In search of Cité-Duits, Limburg’s underground language
In a corner of Limburg, a local language emerged in the 1930s; it’s still spoken by a handful of former coalminers and is the focus of new research
Documenting a dying language
“Cité-Duits was – and to some extent still is – the language I spoke with my friends,” he says. “Not at home, that wasn’t allowed. My father insisted that we speak impeccable German in his presence.”
The discovery of coal beneath Limburg in 1901 changed the previously sparsely populated region forever, as rapid industrial development brought migrants from all over Europe and the Mediterranean to the mines.
While the post-war migration of workers from countries bordering the Mediterranean is well-known, previous migration waves have largely been forgotten. But they left their traces.
One of them is a linguistic curiosity: Cité-Duits (Cité-German), a local language only spoken in Tuinwijk. The neighbourhood is also known as the Cité, a miners’ quarter in the village of Eisden, now part of Maasmechelen.
In the beginning, the Limburg mines drew their labour force from the local population and from Wallonia, where coal mining had taken off much earlier. But Eisden was an exception.
Bordering the river Meuse, which constitutes the border with the Netherlands, Eisden had no hinterland in which to find potential miners. So the Eisden mines depended on foreign labour from the get-go.
Cité-Duits is an element in a wide-ranging story of early migration, but we learned it on the streets and in the mines without a thought
Recruiters swarmed Central and Eastern Europe to find skilled workers, focusing on regions where mines were already established. Many of them came from the countries of the former Austro-Hungarian Empire, like Kohlbacher’s father, who arrived in Eisden with his family in 1925.
Despite their diverse ethnicities, most of these immigrants from Hungary, Slovenia, Silesia and elsewhere had at least a rudimentary knowledge of German. The language was used for administration and the military in the Austro-Hungarian Empire.
It proved a base for a common language, while gaps were filled with the Limburg dialect, Dutch terms and words from all over Eastern and Central Europe.
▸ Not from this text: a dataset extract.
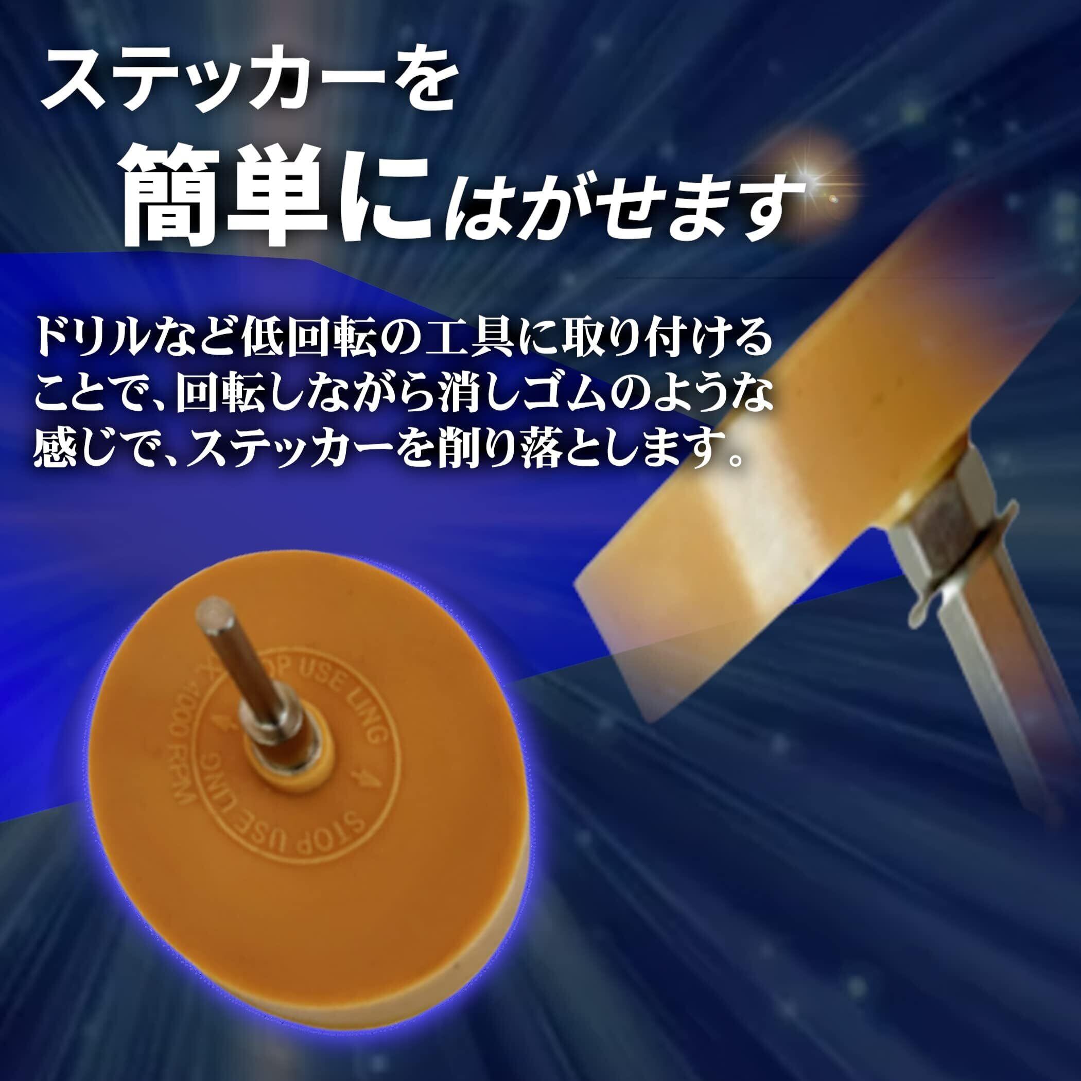ステッカーを簡単にはがせる:・ドリルなど低回転の工具に取り付けることで、回転しながら消しゴムのような感じで、ステッカーやのり残りを削り落とします。 ・ドリルにゴムトレーサーを装着し、はがしたいステッカーに軽くゴムトレーサーを当て、ドリルを回転させ右から左にゆっくりと移動させればステッカー、シールなどを簡単に剥がす事ができます。

And so Cité-Duits was born.
“Cité-Duits is an element in a wide-ranging story of early migration,” explains Kohlbacher (pictured above). “But we learned it on the streets and in the mines without a thought.”
Filling in the gaps
The process of acquiring the language was very fluid. Speakers found their own solutions to gaps. If someone didn’t know a certain word, they would use the corresponding one from their mother tongue.
“That’s why Cité-Duits is full of words from Hungarian, Polish and so on. It was a hyper-local language. Even within the Cité, there were differences. Quite often it was the big mouths who introduced new elements. To an outsider, it might have sounded like German; but it certainly wasn’t.”
For example, during the Second World War, an American reconnaissance plane used to take off from a local airfield. Kohlbacher: “My Polish friend called it a pasjakonnik, and it wasn’t until much later that I learned that actually means ‘grasshopper’ in Polish.”
Or they would say Past auf, du stats auf mein tenen (“Look out, you’re standing on my toes”), which sounds German, but tenen is a Dutch word.
Handful of speakers
Cité-Duits has always existed under the radar, and it’s only recently that linguistics have begun to study it. And just in time, because there are only a handful of speakers left.
Nantke Pecht, a PhD student at Maastricht University, is carrying out research into the language. “I find it hard to describe how it sounds,” she says. “It’s somewhere between German dialects and Flemish, but it differs from both languages. The name Cité-Duits was given to the language by the speakers themselves, but I wouldn’t label it as mostly German.”
She describes Cité-Duits as a mixed language that originated from a very specific social constellation. “There are a lot of elements where the origin is unclear: The roots of many words and some syntactical structures cannot be brought down to a defined language of origin. Many words derive from German, but some structures can’t be found in German or in Dutch.”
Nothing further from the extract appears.